* SOURCE MATERIAL:

┌──

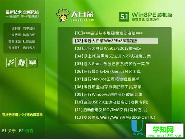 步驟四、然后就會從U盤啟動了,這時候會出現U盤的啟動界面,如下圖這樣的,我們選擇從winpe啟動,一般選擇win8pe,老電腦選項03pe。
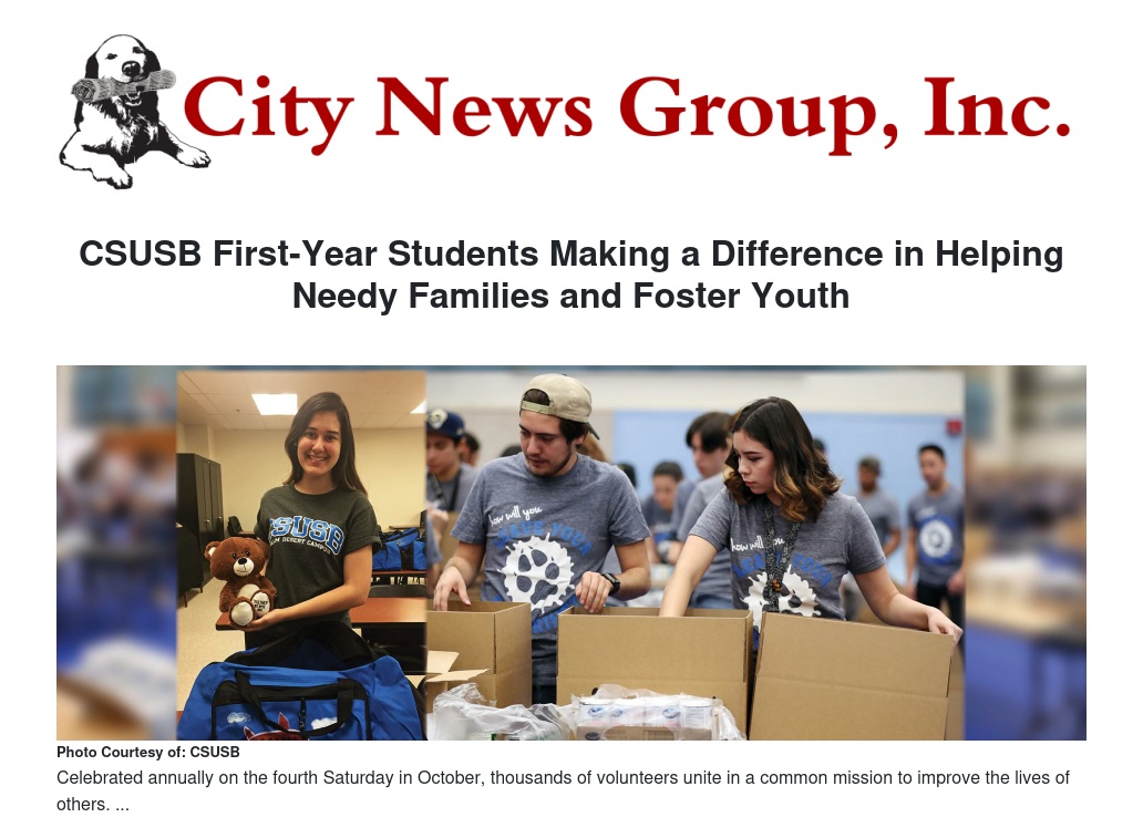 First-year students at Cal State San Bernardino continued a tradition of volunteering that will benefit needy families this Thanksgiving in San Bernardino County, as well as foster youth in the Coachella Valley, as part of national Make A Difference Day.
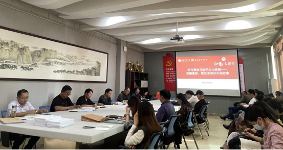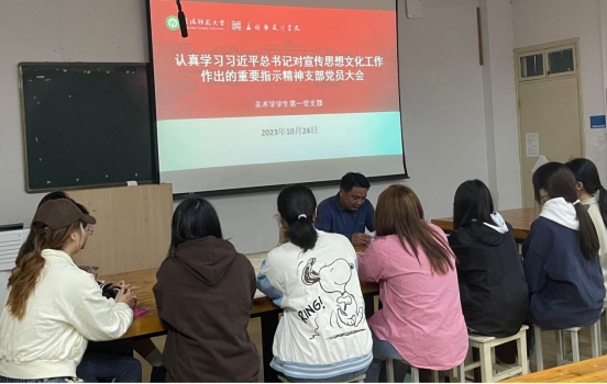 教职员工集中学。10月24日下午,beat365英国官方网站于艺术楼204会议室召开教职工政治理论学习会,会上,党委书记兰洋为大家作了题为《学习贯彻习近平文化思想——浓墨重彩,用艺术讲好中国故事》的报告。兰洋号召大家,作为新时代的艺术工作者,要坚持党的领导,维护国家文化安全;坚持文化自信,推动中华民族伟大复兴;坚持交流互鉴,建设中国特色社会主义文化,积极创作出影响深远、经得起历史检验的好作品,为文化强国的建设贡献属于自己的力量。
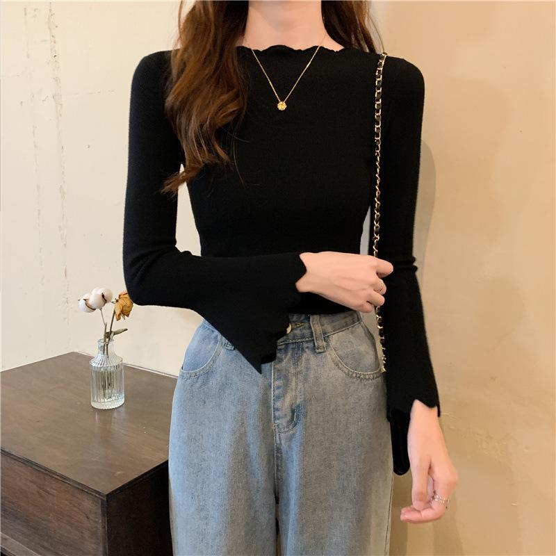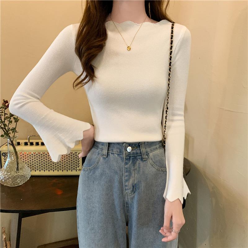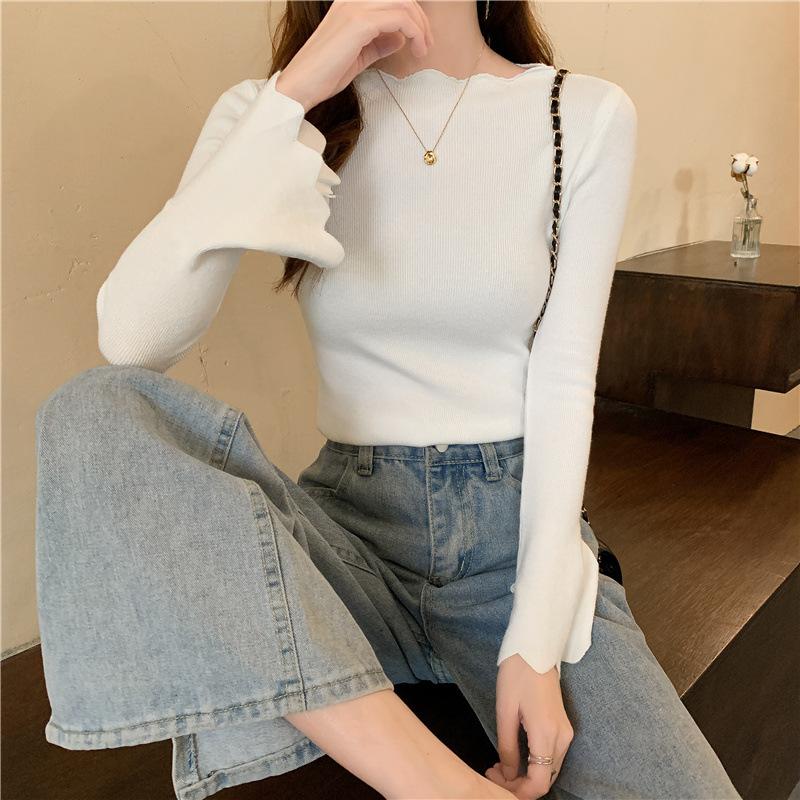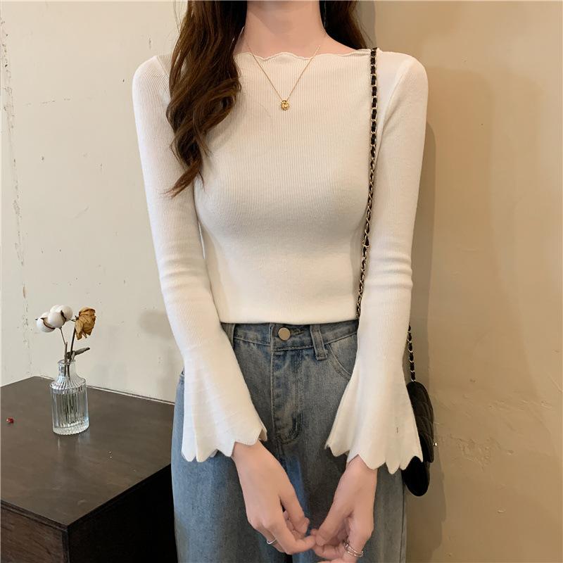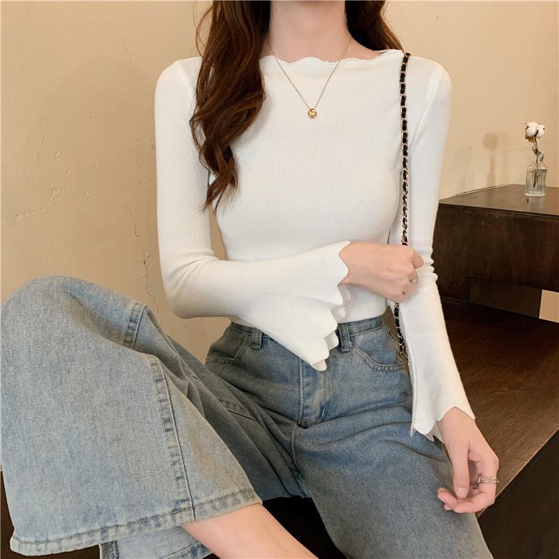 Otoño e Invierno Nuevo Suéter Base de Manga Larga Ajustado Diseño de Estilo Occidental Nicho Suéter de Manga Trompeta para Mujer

└──

* AIM OF THE TASK: Repeat each line word for word, from the one with "教职员工集中学。10月24日" down to the last line of the data, and keep the pictures out of it.

* RESPONSE:
 教职员工集中学。10月24日下午,beat365英国官方网站于艺术楼204会议室召开教职工政治理论学习会,会上,党委书记兰洋为大家作了题为《学习贯彻习近平文化思想——浓墨重彩,用艺术讲好中国故事》的报告。兰洋号召大家,作为新时代的艺术工作者,要坚持党的领导,维护国家文化安全;坚持文化自信,推动中华民族伟大复兴;坚持交流互鉴,建设中国特色社会主义文化,积极创作出影响深远、经得起历史检验的好作品,为文化强国的建设贡献属于自己的力量。
 Otoño e Invierno Nuevo Suéter Base de Manga Larga Ajustado Diseño de Estilo Occidental Nicho Suéter de Manga Trompeta para Mujer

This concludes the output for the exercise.